Break down of the a Fuel required

Taxi 0.5 ton

Trip ~125Tons

Contingency ~3 tons

ALTN 3 tons ( VMMC )

Reserve 3 tons.

 

Without ATC delay and arrival holding, the FOB when the airplane arrives at the gate is around 7tons.

 

One of the examples of the polar route ( over Russia, Mongolia and China ):

 

ABERI B934 UNILA B934 LUMIG B155 TUNIR A45 USONA G490 SERNA A310 POLHO G218 TMR B458 KR B458 WXI A461 LKO A461 LIG R473 WYN W18 NLG W23 ZUH R473 SIERA

 

From JFK to waypoint ABERI (polar gateway) it is flex routing, and depends solely on wind.
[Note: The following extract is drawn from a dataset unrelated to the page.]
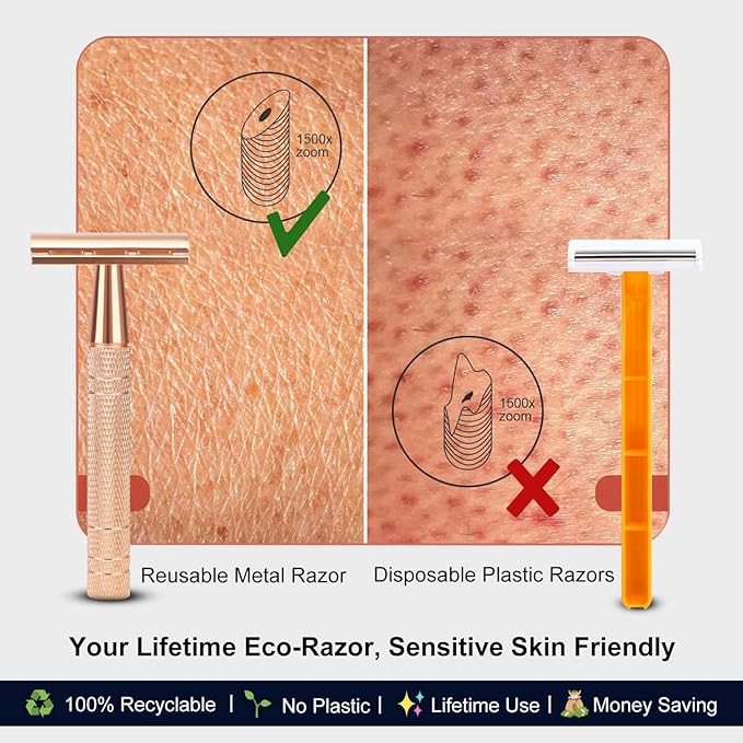 - Eco-Conscious & Built to Last: Shaving with our reusable metal safety razor - a zero-waste essential for eco-friendly shaving. Crafted from long-lasting, fully recyclable metal, this vintage-inspired double edge razor saves money and reduces environmental impact. With the right care and maintenance, it can last a life, aligning with sustainable lifestyles. (No parts to replace, just replace standard safety razor blades) Change the way you shave, choose our single blade razors for men and women

There are several others polar gateways some of them are closer to Europe and some of them are on the Alaska side.

 

Due to the hefty overfly charges of using polar route and it is slot limited, I was told the polar route must generate a fuel saving of at least 9tons before it can be selected as the route to fly, so at times when the head wind is not so strong, some of the flights would be routed through north Alaska over the Fairbanks area, then head west into Russia.

 

There are numerous combinations for polar routes and every flight is different, however the average fuel burn is about the same.